Items from a dataset
------------------------------

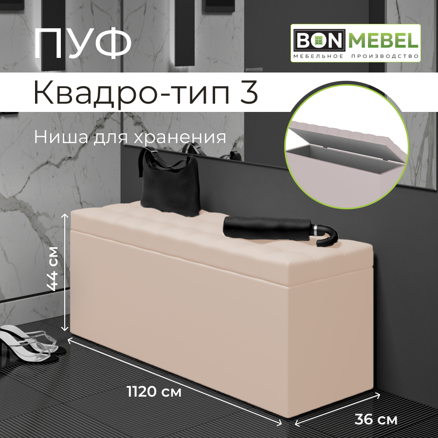 10 цен на Пуфик БонМебель Квадро 3, бежевый, 112х36х44, пуф с ящиком для хранения, экокожа, пуфик в прихожую, мебель
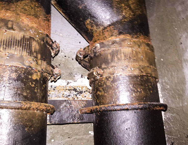 除了管材管件應(yīng)該符合國(guó)家標(biāo)準(zhǔn)以外,***重要的就是連接配件,市面上數(shù)不清的小廠卡箍以假亂真,用肉眼根本無(wú)法識(shí)別,如果黑心的商家選用了劣質(zhì)200系列材質(zhì)的卡箍后果不堪設(shè)想,不僅極易被腐蝕,而且容易斷裂。如上圖所示,僅僅使用了10個(gè)月的201材質(zhì)卡箍出現(xiàn)了腐蝕、斷裂的情況。
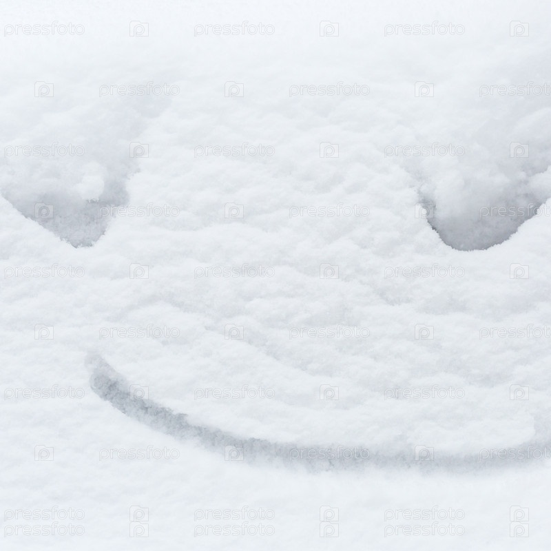Смешная снежная улыбка, нарисованная на фоне белого снега, счастливая зимняя концепция
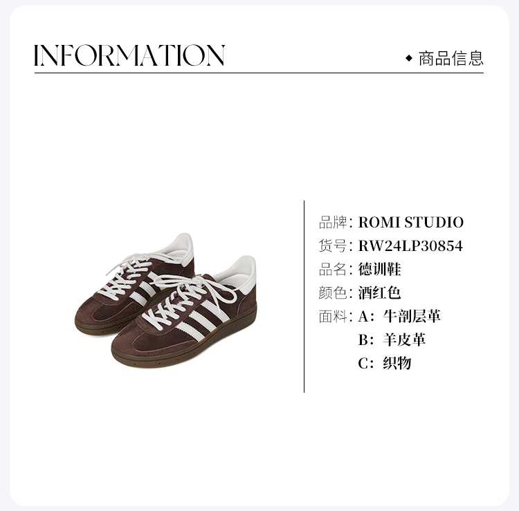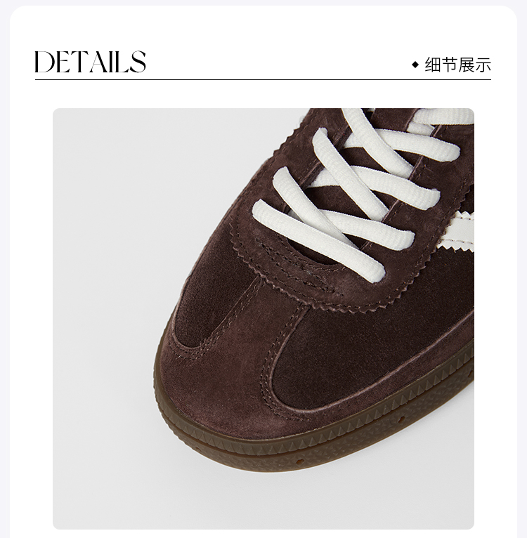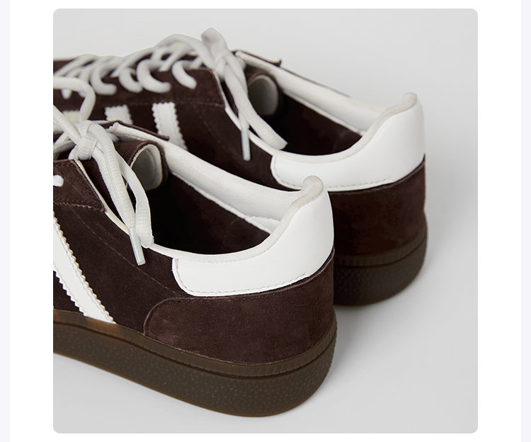 ROMI STUDIO“美式复古”牛皮拼羊皮绒面撞色平底德训鞋RW24LP30854
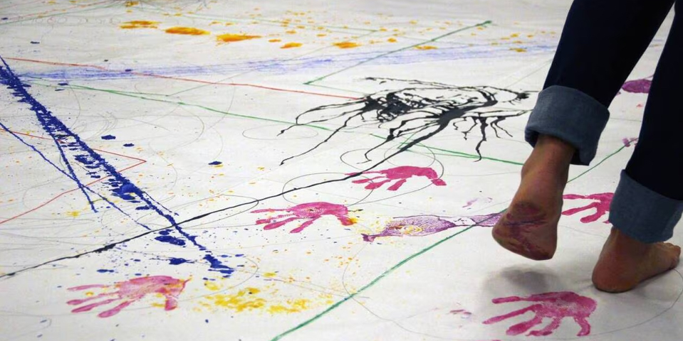 Un grand lé de papier blanc posé au sol accueille deux interprètes le temps d’une danse « chorégraphite ». Les danseuses investissent l’espace de la page blanche, utilisant différents matériaux comme prolongement de leur corps et laissant des traces. Cette pièce mêlant danse et graphisme, amène le jeune enfant à vivre des expériences sensorielles qui font écho à son désir d’exploration et de découverte. Au-delà du travail graphique, ce duo parle du rapport à l’autre dans ses similitudes ou ses différences, dans le refus ou l’acceptation.
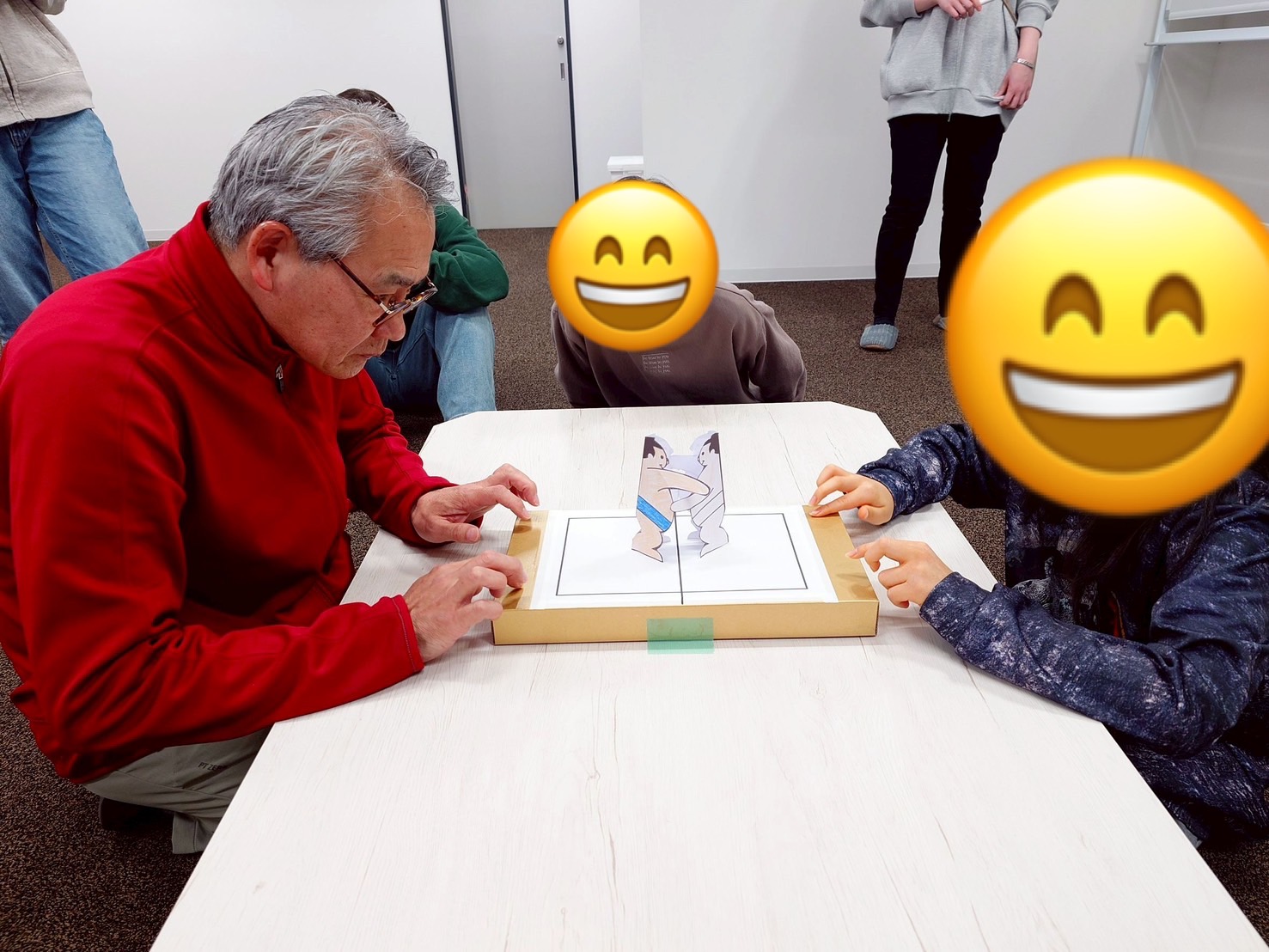 お相撲さんが完成したら、土俵の上に立たせて対戦です。

------------------------------

THE PROBLEM | Copy exactly the lines from the line containing "Un grand lé" through the last line of the records, both included, and omit every picture.

TASK SOLUTION |
 Un grand lé de papier blanc posé au sol accueille deux interprètes le temps d’une danse « chorégraphite ». Les danseuses investissent l’espace de la page blanche, utilisant différents matériaux comme prolongement de leur corps et laissant des traces. Cette pièce mêlant danse et graphisme, amène le jeune enfant à vivre des expériences sensorielles qui font écho à son désir d’exploration et de découverte. Au-delà du travail graphique, ce duo parle du rapport à l’autre dans ses similitudes ou ses différences, dans le refus ou l’acceptation.
 お相撲さんが完成したら、土俵の上に立たせて対戦です。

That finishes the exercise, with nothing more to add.